Managing Technical Debt

Technical debt is simply:

The amount of time, money, or effort it takes to work around, manage, and fix bad decision/implementation decisions.

Or as my friend and former colleague Duane Gran puts it (summarized, not verbatim):

Technical debt is like leaving dirty dishes in the sink.  You're going to have to wash them anyway, but in the meantime they just stack up.

If you look through the issue tracker of any Open Source project or even your own issue tracker, you'll notice that every project has a bit.  It could be little things that a small focused effort could effectively resolve or it could be "OMG we need re-write the app from the ground up" sorts of issues.  Either way, just like real financial debt, you have to determine when it is necessary to take on or pay off some of the debt, die under the sheer weight of it all, or figure out how to manage it effectively.

Pay It or Take It:

I'd love to be able to say "you should always fix issues as soon as you find them" or even "All technical debt is bad", but the world doesn't work that way.

There are numerous times where issues will have to be overlooked either due to lack of time, effort, and understanding… or just because something more important has yet to be done.  Whenever you look at your software with a critical eye, you will find things large and small that could be faster, easier, better, make better use of memory, be more secure, etc, etc, etc.  The list goes on…you'll never have enough time to fix everything, you have to prioritize.

While you might think it's a great idea to say "All technical debt is bad!", it simply doesn't work that way.  One of my geek mentors Martin Fowler – author of two of my favorite technology books "Refactoring" and "Patterns of Enterprise Application Architecture" – points out that there are times when business needs/timelines might outweigh "doing it the right way".  Regardless, you need to note/log this debt to manage it.

Whenever I look at my full todo list for web2project, I want to hide under the bed.  There are simple things that simply require a lot of time – formatting the code to following the PEAR coding standard – but then there are wildly complex things that to include them here would force me under the bed again.  But every single one of the items is logged.

Die Under the Weight of It All:

In the Open Source world, one of two things tends to happen at this point… the project grinds to a halt or someone decides to re-write it from the ground up.

When a project dies, it's quiet and subtle.  The team tends to only work on the "fun" things and new functionality that doesn't touch the old messes.  The releases come farther and farther apart with smaller and smaller improvements.  The commits slow to a trickle.  Eventually the team itself stops interacting with the community as they've moved on to other priorities.  I've seen it more times than I can count and it's hard to blame the team in the slightest… after all, this is starting to look like real work and they're not getting paid for this effort.

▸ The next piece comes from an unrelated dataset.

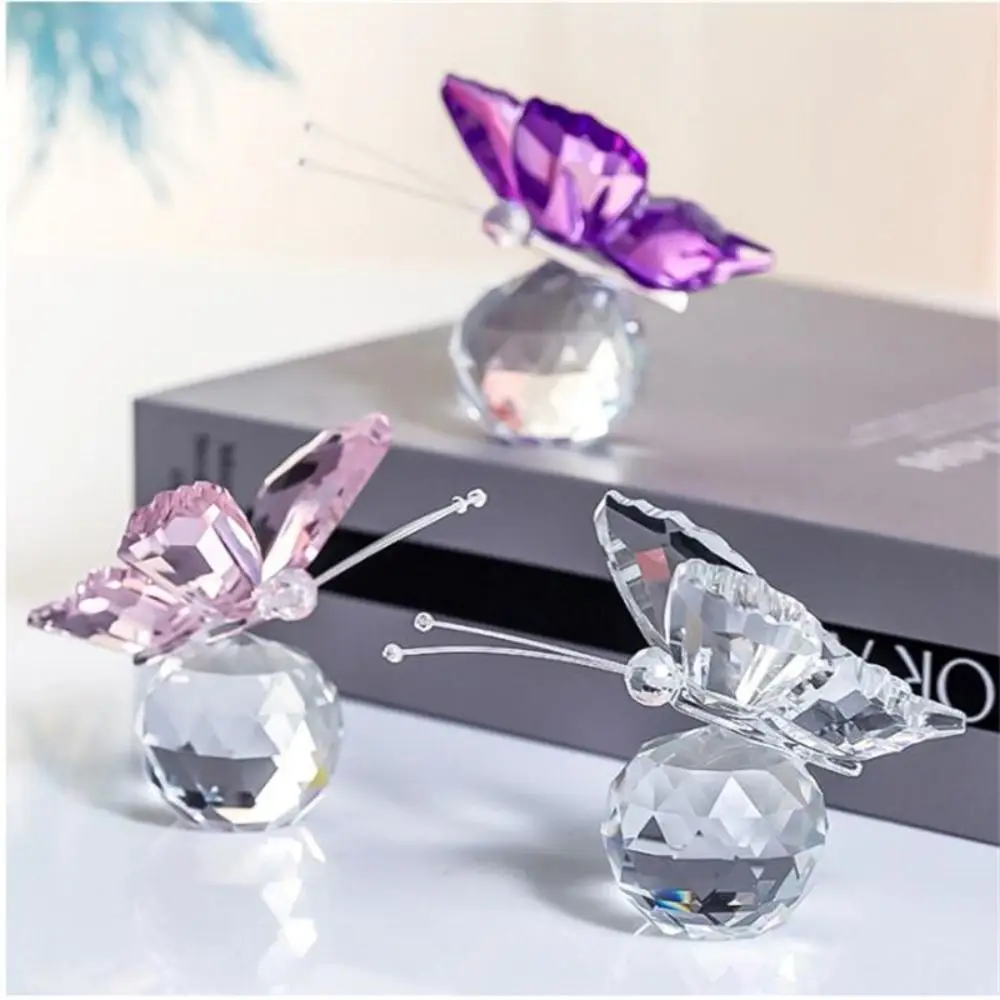 Crystal Butterfly with Ball Figurine Home Wedding Decoration Glass Craft Collection Paperweight Table Ornaments Souvenir Gifts

On the flip side, quite often the team will decide to re-write from the ground up.  They create a grand scheme for replacing the whole system with something clean, cool, and amazing.  While the plan looks good on paper, it normally doesn't happen that way.  The timeline is much longer than initially imagined and the work is more than they thought, and often the team drifts away and the project quietly dies (as above).  Regardless, if a strong vision can keep the team together, a re-write could be successful.

In the commercial world, the quiet death seems to be rare.  After all, if a product is generating revenue, it's unlikely to be shelved without a replacement.  Therefore, I believe complete re-writes are much more common… Windows Vista, Netscape/Mozilla, etc.

Manage It Effectively:

We've all had that one library, class, or method that irritates everyone on the project.  It's probably a performance bottleneck, it's prone to breaking, and it haunts you in your sleep.  I'd wager that you have something even worse in your code… something that has worked well enough so far that no one has noticed how nasty and hacked together that is.  And this is where technical debt is the nastiest:  When you don't know you have it.

Sometime soon you'll have a major release, there will be customers screaming at you, your boss will be on his twelfth cup of coffee (and 28th time past your cube), and your email will be blowing up is the one time this monstrosity is going to break.  It's not going to break and fail safe like a good little piece of software, it will fail spectacularly.  It's going to fail and spew garbage across your database tables, take down your server, and even kick your dog… twice.

The problem is that if you don't know where your potential problems are – even if you can't fix them immediately – you don't know how to mitigate risks appropriately.  When you find problems in the system, you have to do one of two things:  Fix them or log them.

And here's the key: Every time you find debt, log it and prioritize it.

Your priorities can be as simple as: "Now!", "Soon", "Later", and "Wouldn't it be nice?"

With every debt "on the books" and prioritized when there are new feature requests or you have a bit of downtime, you have a better idea of what needs to be done and what could be done.  In addition,  by keeping this information along with the existing issue list, you can relate it to other issues and quite often you'll see patterns emerge where the areas with the most technical are also the areas with the most bugs. This will allow you to track down and eliminate the debts where your payment is the highest and most painful.